### DATA PROVIDED:
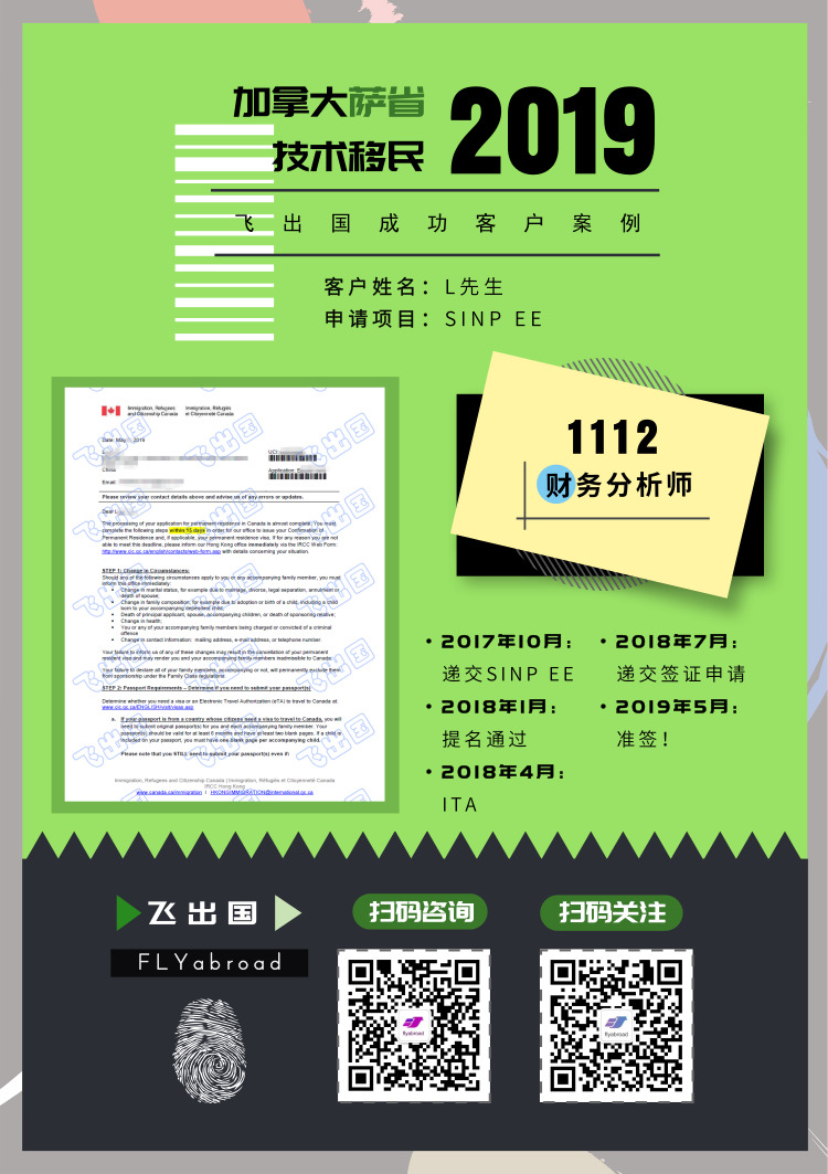 恭喜飞出国客户L先生通过萨省无雇主技术移民顺利收到大信封!提名职业为1112财务分析师,整体周期不足2年——2017年10月提交SINP EE,2018年1月底提名通过, 2018年4月ITA,2018年7月递交签证申请,2019年5月准签!
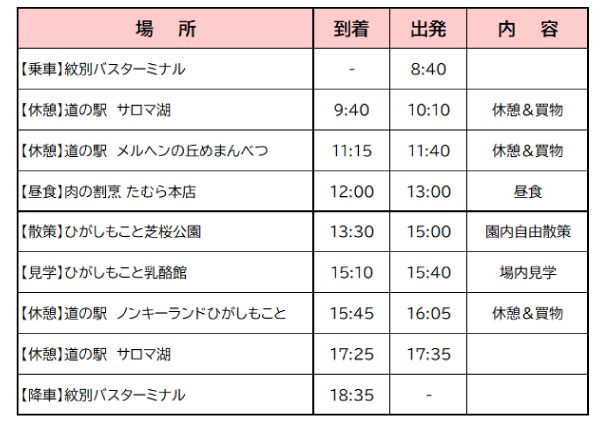 各駅では休憩のほか、お買い物タイムもたっぷり(一部休憩のみ)。
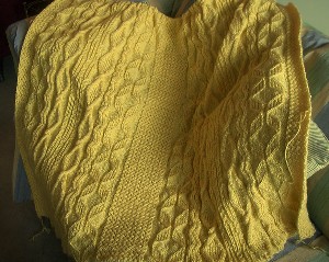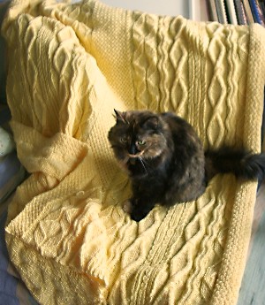 February 15, 2004 This might not look like a different blanket than the picture below but it is. I got about 5 inches into the other one and decided that I didn't like the pattern so I ripped it out and started all over again - same yarn, same needle size, different pattern. I like this one much better. And the color in this picture is truer to the real color. |
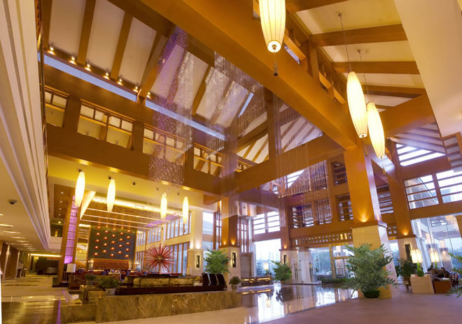 張家界五星級(jí)酒店-武陵源國(guó)際度假酒店是由張家界泰和投資有限公司投資3億余元興建,集湖湘文化、湘西部旅游文化、土家族民俗民風(fēng)演繹于一體的五星級(jí)國(guó)際綜合性度假旅游飯店。酒店總占地面積3.7萬(wàn)平方米,其中建筑用地面積1.1萬(wàn)平方米,酒店總建筑面積4.2萬(wàn)平方米。酒店于2007年03月08日開(kāi)業(yè),功能設(shè)置有豪華山景客房、豪華園景客房、行政樓層、特色套房、豪華總統(tǒng)套房等各類客房總計(jì)455間(套).多個(gè)特色中西餐廳,其中豪華大氣的泰和盛世中餐廳面積680平方米,可同時(shí)容納500人用餐;豪華宴會(huì)廳可容納700人的會(huì)議或用餐;另設(shè)有11間貴賓廂房、咖啡廳、大堂吧、茶室、池畔吧、行政酒廊。康體娛樂(lè)休閑商務(wù)設(shè)施齊全,商務(wù)中心、桑拿、健身室、游泳池、健康水會(huì)、KTV包房、美容美發(fā)室、網(wǎng)球場(chǎng)、臺(tái)球室、乒乓球室、商店、紀(jì)念品商店等各種服務(wù)項(xiàng)目一應(yīng)俱全。設(shè)有可停180多輛汽車停車場(chǎng),配備了中央空調(diào)、獨(dú)立計(jì)算機(jī)網(wǎng)絡(luò)、背景音樂(lè)、程控電話、閉路電視監(jiān)控、緊急呼救、防火安全等先進(jìn)設(shè)備系統(tǒng),可為中外賓客提供至情至真至美的服務(wù)。

### BRIEF:
Exactly the lines from the line with "各駅では休憩のほか、お買い物タイムもたっぷり(一部休憩のみ)。" through the end of the data are to be reproduced, and no picture is to be included.

### ANSWER SECTION:
 各駅では休憩のほか、お買い物タイムもたっぷり(一部休憩のみ)。
 February 15, 2004 This might not look like a different blanket than the picture below but it is. I got about 5 inches into the other one and decided that I didn't like the pattern so I ripped it out and started all over again - same yarn, same needle size, different pattern. I like this one much better. And the color in this picture is truer to the real color. |
 張家界五星級(jí)酒店-武陵源國(guó)際度假酒店是由張家界泰和投資有限公司投資3億余元興建,集湖湘文化、湘西部旅游文化、土家族民俗民風(fēng)演繹于一體的五星級(jí)國(guó)際綜合性度假旅游飯店。酒店總占地面積3.7萬(wàn)平方米,其中建筑用地面積1.1萬(wàn)平方米,酒店總建筑面積4.2萬(wàn)平方米。酒店于2007年03月08日開(kāi)業(yè),功能設(shè)置有豪華山景客房、豪華園景客房、行政樓層、特色套房、豪華總統(tǒng)套房等各類客房總計(jì)455間(套).多個(gè)特色中西餐廳,其中豪華大氣的泰和盛世中餐廳面積680平方米,可同時(shí)容納500人用餐;豪華宴會(huì)廳可容納700人的會(huì)議或用餐;另設(shè)有11間貴賓廂房、咖啡廳、大堂吧、茶室、池畔吧、行政酒廊。康體娛樂(lè)休閑商務(wù)設(shè)施齊全,商務(wù)中心、桑拿、健身室、游泳池、健康水會(huì)、KTV包房、美容美發(fā)室、網(wǎng)球場(chǎng)、臺(tái)球室、乒乓球室、商店、紀(jì)念品商店等各種服務(wù)項(xiàng)目一應(yīng)俱全。設(shè)有可停180多輛汽車停車場(chǎng),配備了中央空調(diào)、獨(dú)立計(jì)算機(jī)網(wǎng)絡(luò)、背景音樂(lè)、程控電話、閉路電視監(jiān)控、緊急呼救、防火安全等先進(jìn)設(shè)備系統(tǒng),可為中外賓客提供至情至真至美的服務(wù)。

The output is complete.